Supporters of a new bridge connecting downtown Brunswick and Topsham over the Androscoggin River got a boost from the courts Tuesday.

With the requirement of one additional factual finding, the First Circuit Court of Appeals in Boston sided with The Maine Department of Transportation in their plans to replace the Frank J. Wood Bridge, Maine DOT said in a statement.

A local group, The Friends of Frank J. Wood Bridge had sued to stop the project, in hopes of preserving and rehabbing the 90-year-old span. The group was joined in the suit by the National Trust for Historic Preservation and the Historic Bridge Foundation.

The court ruling reads, in part: “In a careful opinion, the district court considered and rejected the numerous arguments made by the Friends in seeking to set aside the decision to replace the Bridge.
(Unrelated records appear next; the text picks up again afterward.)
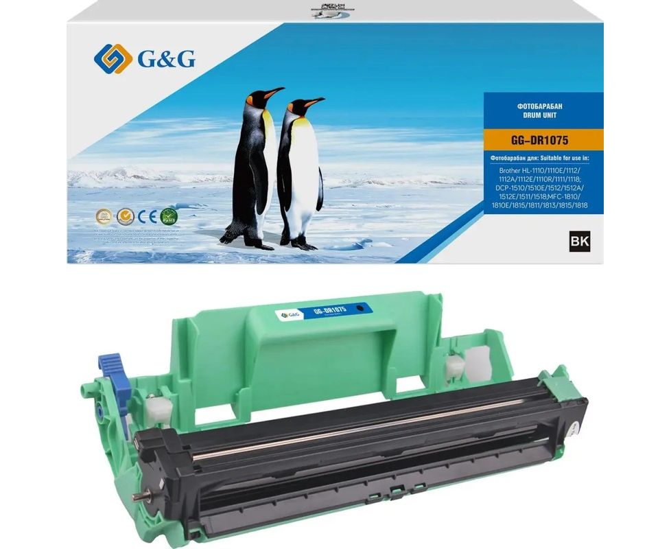 Блок фотобарабана G&G GG-DR1075 DR-1050/DR-1060/DR-1070/DR-1000 черный ч/б 10000стр для HL-1110/1110E/1112/1112A/1112E/1110R/1111/1118;DCP-1510/1510E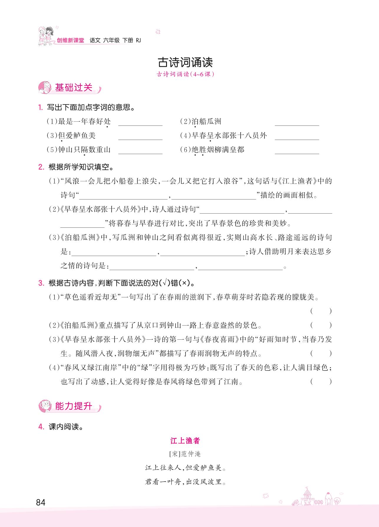 2022下册六年级语文人教版 古诗词诵读——古诗词诵读(4~6课)_R220122110129003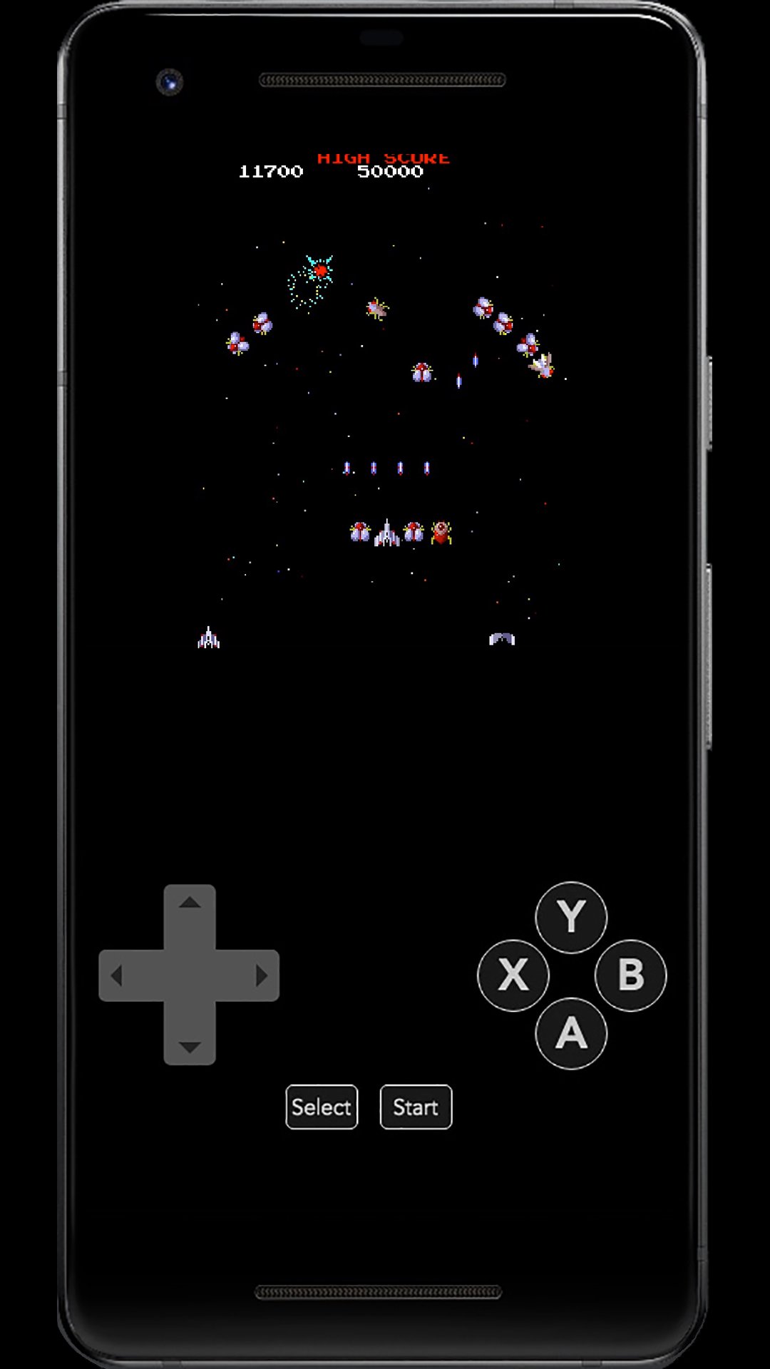A direct sequel to Galaga. The objective is to score as many points as possible by defeating successive waves of enemies in levels called "Parsecs". Its core gameplay is very similar to Galaga: Enemies fly onto the screen in rows and join a formation near the top, then begin attacking the player's ship with kamikaze-like dives. The ship can move left and right, as well as vertically. Bonus lives are earned at certain score intervals, and can also be gained by collecting ship parts dropped by some enemies, as well as collecting Rally-X bonus flags from shooting stars. The player loses a life when struck by an enemy or one of their shots; the game ends when all lives are lost.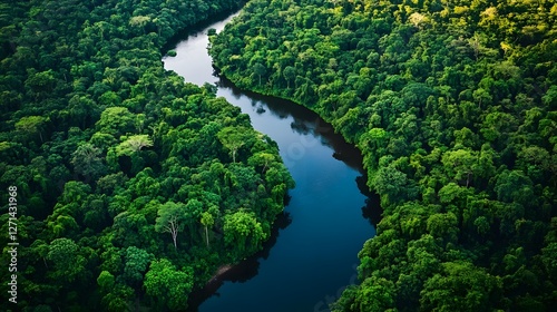 Aerial view of a winding river surrounded by lush green rainforest, showcasing nature's beauty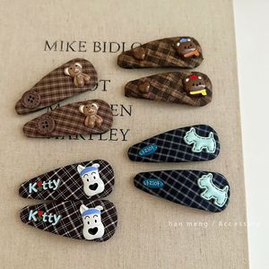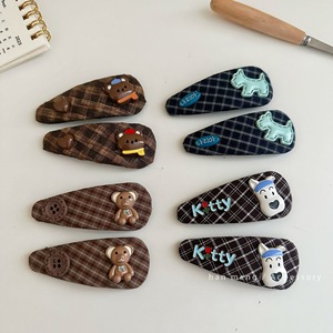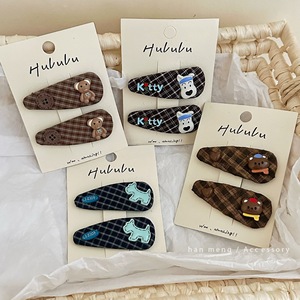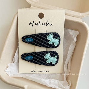 韩国复古格纹小狗布艺发夹BB侧边夹刘海夹碎发新款甜美发卡百搭风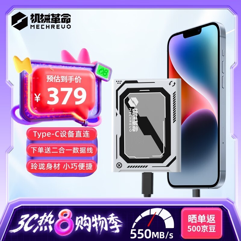 机械革命K500移动固态硬盘1TB灰色限时优惠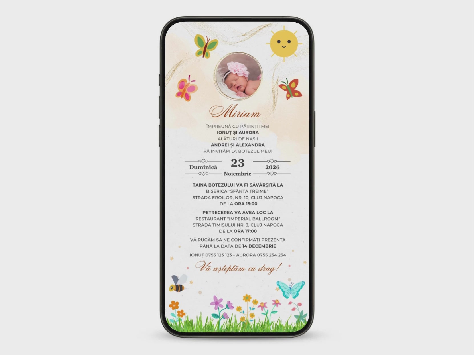 Invitatie Botez Animata GIF, Butterfly Sunshine
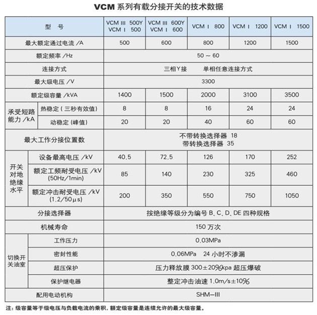 特點:VCM型真空有載分接開關(guān)是一種組合式有載分接開關(guān),其切換開關(guān)采用真空切換技術(shù),分接選擇器沿用了華明經(jīng)過不斷改進(jìn)提高的、并且經(jīng)過長期運(yùn)行驗證的可靠結(jié)構(gòu)。該分接開關(guān)適用于設(shè)備最高電壓40.5kV-252kV,最大額定通過電流三相600A,單相1500A,頻率50Hz和60Hz的電力變壓器或工業(yè)變壓器。三相有載分接開關(guān)用于Y接中性點調(diào)壓、單相有載分接開關(guān)則用于任意位置的調(diào)壓。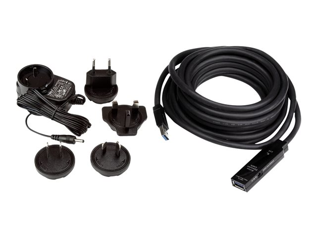 An all in one cable for overcoming distance restrictions as well as power source limitations; the active USB 3.0 extension cable incorporates bus powered active circuitry to ensure performance beyond the length limits of standard USB cables. Up to 4 of these cables can be daisy-chained together, allowing the connection to be extended a total of 20-meters. If necessary, the USB device can be powered from a wall outlet using the Universal AC power adapter provided with the cable.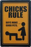 Wandbord – Chicks rule - Metalen wandbord - Wandborden - Retro - Mancave - Metal sign - Teskt bord - Humor - Decoratie - Metalen borden - Wand Decoratie - Metalen bord - 20 x 30 cm - Cave & Garden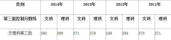 浙江高考历年文理科第三批次等控制分数线

On de novo review [a new review], we now affirm all of the district court’s holdings, save one.”

The court asked the Federal Highway Administration to further justify its method of cost analysis, and Maine DOT said it is confident that the request will not stand in the way of moving forward with replacement.

“Yesterday’s ruling affirms that there is no merit to the factual arguments the plaintiffs have been making regarding specific construction costs and the approach MaineDOT used to develop cost estimates,” reads the Maine DOT’s statement, in part. “The Court’s opinion makes clear what MaineDOT and the Federal Highway Administration (FHWA) already knew: the cost of rehabilitating the Frank J. Wood Bridge is much greater than the cost of replacing it.

“To finalize this matter, the Court is requiring one additional factual finding, but we are confident that the result will be the same: the villages of Brunswick and Topsham are going to be connected by a new, safer bridge that better serves all users, including pedestrians and bicyclists. MaineDOT will work with our partners at FHWA to satisfy the Court’s instruction in short order. With all the community and municipal support to move forward with the new bridge, we hope there are no additional attempts to delay the project with new legal challenges.”

Maine DOT said it expects to advertise for construction bids on a new bridge in the spring. Maine DOT declined to comment further Wednesday.

Commercial vehicles and vehicles that weigh more than 20,000 pounds are still prohibited from using the Frank J. Wood Bridge, a decision made after several inspections by the agency led to concerns about wearing and corrosion.

In a statement on Wednesday, The Friends of Frank J Wood also claimed the ruling to be a win. The organization’s president, John Graham, said that the path forward is not as clear as the Maine DOT makes it out to be.

The Friends’ interpretation of the ruling is that the Federal Highway Administration made up service life costs that Maine DOT used to justify their belief that the bridge should be replaced.

In an interview Wednesday, Graham said that the “service life costs” analysis that Maine DOT used did not align with the industry standard. Those estimates, calculated in 2017, came in at $17.3 million for the new bridge and $35.2 million for rehabilitation.

The judge has now asked for the Federal Highway Administration to review a “life cycle cost” analysis, Graham said, which under 2017 Maine DOT estimates translates to $13.7 million for the new bridge and $21 million for rehabilitation — a 53% difference.

Graham, who disagrees with both of the 2017 Maine DOT estimates, said he will push the Federal Highway Administration to conduct a new, independent analysis, which he believes will show estimates that equally favor rehabilitation.

The Frank J Wood Bridge was built in 1932. The average daily traffic for the bridge is about 19,000 vehicles.

In 2017, Friends of the Frank J. Wood Bridge, the National Trust for Historic Preservation and the Historic Bridge Foundation filed a lawsuit alleging the Federal Highway Administration and Maine DOT relied on inaccurate information to artificially inflate the projected costs of rehabilitating the existing bridge.

In February 2021 a federal judge ruled in favor of Maine DOT’s plans to replace the bridge. By March 2021, the Friends group had filed paperwork to begin its appeal of the ruling.

In November 2021, following two capacity reductions, The Times Record reported that the primary concern by Maine DOT is that the weight of a commercial vehicle could puncture the deck of the bridge and render the structure completely unusable.

This story was updated at 10:05 a.m. Jan. 6, 2022, to remove potentially inaccurate information regarding the payment of court costs.